Cela se passe de commentaire !

Le refus des traitements précoces : perversité et autoritarisme 

Les arguments qui n’ont pas manqué de fleurir très tôt pour décrédibiliser tout traitement alternatif précoce – naturel ou médicamenteux – ont signé très vite la dimension perverse du discours des autorités, politiques et « de santé », disant s’appuyer sur la science tout en la niant farouchement lorsqu’elle ne servait pas leur projet[14] ; Voire à s’essuyer les pieds sur les principes scientifiques qui dérangent. L’obscurantisme le plus crasse est de retour !

Car à l’heure actuelle, un éventail assez large de traitements, validés soit par des études d’observations (de terrain), soit par des études randomisées, autorise les médecins intègres – il faut désormais le préciser – à soutenir que cette pseudo-pandémie trouverait son terme en quelques semaines si les autorités les laissait librement prescrire !

Dès lors, l’autoritarisme déployé par le pouvoir pour imposer à tout prix une « vaccination » plus que douteuse dans son efficacité, passablement délétère, qu’accompagnent des mesures de contrôle social totalement disproportionnées autant qu’inefficientes, montre que le projet est avant tout politique et peu reluisant : il s’agit de circonvenir les populations, de les forcer par empilement de contraintes ineptes à plier l’échine, au mépris de toutes les valeurs qui ont fondé la République et de tous les principes démocratiques.
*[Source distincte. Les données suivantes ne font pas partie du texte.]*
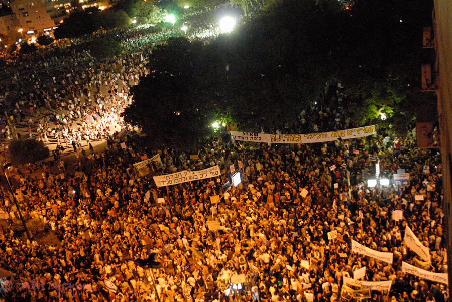 Over 450,000 protesters attended rallies across the country last night calling for social justice in what was the largest demonstration in Israeli history. The main protest took place in Tel Aviv's Kikar Hamedina, where some 300,000 people gathered after marching from Habima Square about two kilometers away. Protest leader Yonatan Levy said the atmosphere was like "a second Independence Day." from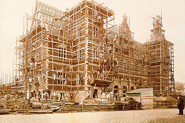 Helsingør Station under Construction in 1891 in Helsingør, Denmark

La référence constante à un « consensus scientifique » aussi flou qu’évanescent – car n’ayant jamais existé : voyez si les travaux de Galilée, de Newton, des Curie ou d’Einstein, bénéficiaient d’un « consensus »… - désarme toute critique, fut-elle solidement fondée. Sans la capacité de penser librement et d'exprimer ces pensées et critiques, la vie elle-même devient plus ou moins dépouillée de sens ; Ainsi se révèle le nihilisme suicidaire des élites aux manettes.

La véritable guérilla médiatique qui sévit depuis des mois pour réduire au silence toute contestation du narratif officiel est un aveu cinglant. À l'heure actuelle, et depuis le début de la pseudo-pandémie de Covid-19, remettre en question tout ou partie du récit officiel, aussi incongru, contradictoire, non scientifique ou socialement destructeur soit-il, est aussitôt persiflé et vilipendé, et l’auteur accusé de mettre des personnes en danger. Renversement total de l’argumentaire, posture propre au pervers et aux manipulateurs.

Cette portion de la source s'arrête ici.